CUDA cores live inside Streaming Multiprocessors, or SMs, and the GPU scheduler keeps threads moving in warps. That setup only works well when data reaches the cores efficiently through registers, shared memory, and global memory.

This is why a GPU can look strong on paper and still underperform in practice. If memory access is slow or the workload is poorly organized, the cores sit idle. For AI training, the fastest card is often the one that keeps compute and memory in balance.

• SMs group CUDA cores into execution blocks
• Warps run threads in lockstep
• Memory hierarchy affects real throughput as much as core count

5. CUDA matters most when you pick the right GPU tier

CUDA runs only on NVIDIA GPUs, so your choice usually comes down to data center, workstation, or consumer hardware. A100 and H100 cards are built for large-scale training, while RTX-class cards are often better for prototyping, fine-tuning, and inference.
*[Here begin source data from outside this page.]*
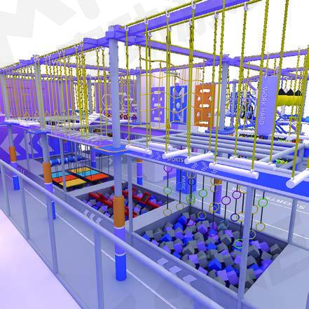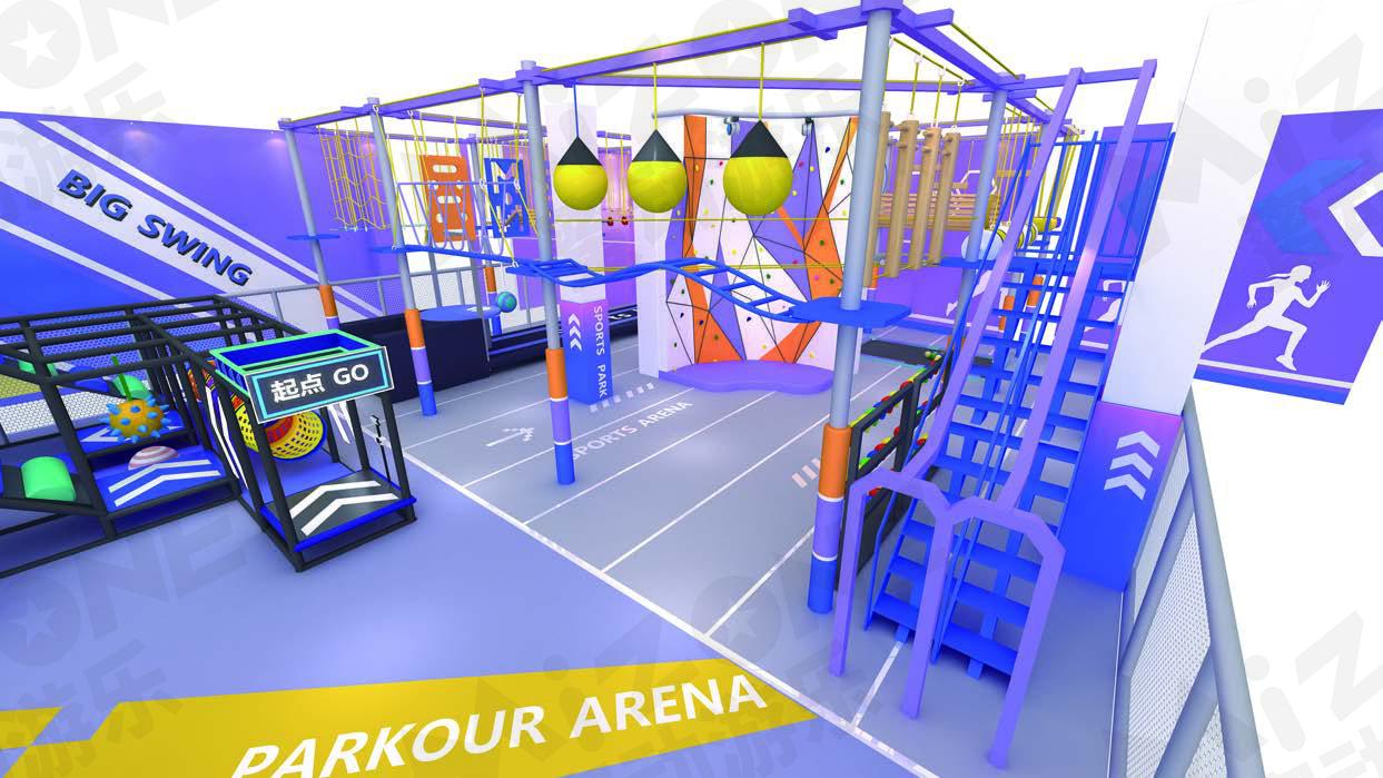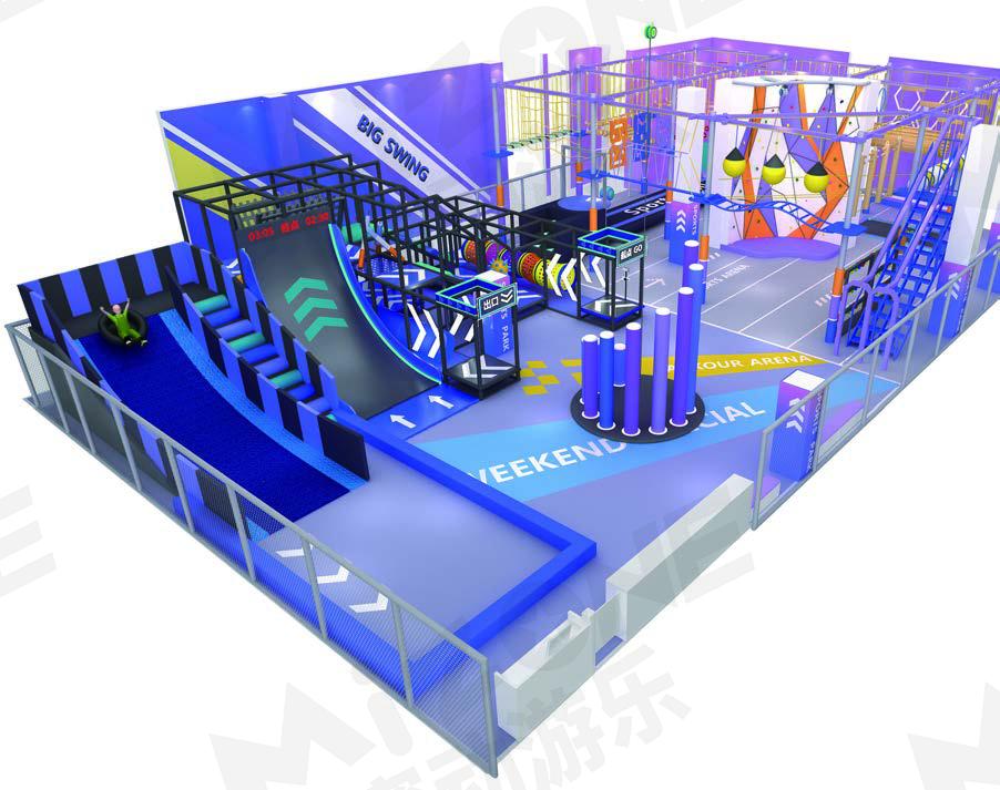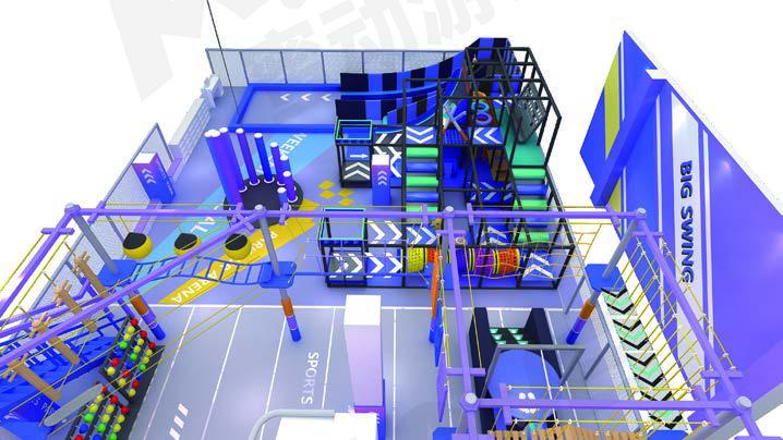 這座室內(nèi)運(yùn)動(dòng)館以紫藍(lán)交融為特色,動(dòng)感十足,宛如夢幻樂園。忍者拓展區(qū),紫底藍(lán)線,神秘又靈動(dòng);高空拓展區(qū),藍(lán)道紫韻,如云端漫步;滑草滑梯區(qū),藍(lán)河流淌,歡樂無限;抱石攀巖區(qū),紫墻藍(lán)星,力量與挑戰(zhàn);漸變梅花樁區(qū),紫藍(lán)漸變,如夢似幻??靵磉@里,感受紫藍(lán)色的魅力,盡享運(yùn)動(dòng)的樂趣!
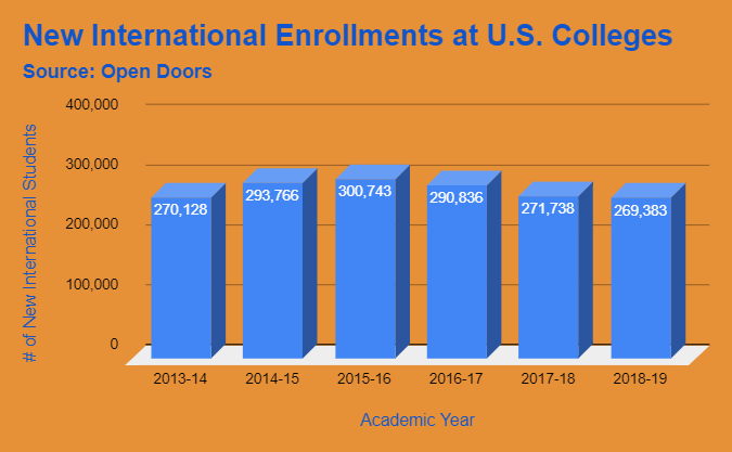 2019 年美国门户开放报告数据显示,美国所有高校招收的国际学生人数均有所下降,包括本科、研究生和非学位。
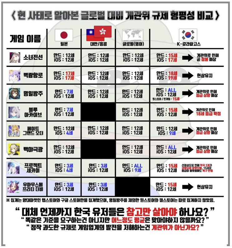 게임사들도 게임물관리위원회가 이렇게 요청을 해오니 어쩔수없이 등급을 올리거나 게임내 일러스트를 수정하고
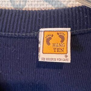 Add a bold retro piece to your wardrobe with this vintage 1980s Hang Ten pullover sweater. Known for its surf and skate roots, this eye-catching knit features vibrant horizontal rainbow stripes on a deep navy background, finished with iconic embroidered footprints. A rare find in great vintage condition!

Cloud access makes that choice easier because you can test different configurations without buying hardware. Thunder Compute offers CUDA-powered instances starting at $0.35/hr, with A100 80GB at $0.78/hr and H100 at $1.38/hr, plus CUDA preinstalled for PyTorch, TensorFlow, and custom kernels.

• RTX A6000: good starting point for prototyping
• A100 80GB: strong for larger models and memory-heavy runs
• H100 80GB: best for serious training when budget allows

How to decide

If you care about general CUDA development, look for a balanced GPU with enough cores, enough VRAM, and decent memory bandwidth. If you care about AI training, prioritize Tensor Cores and memory capacity first, then compare CUDA core counts as a secondary detail.

For small teams and individual builders, cloud GPUs can be the simplest path. Start with a cheaper RTX-class instance, then move to A100 or H100 only when your model size, batch size, or training time justifies the jump.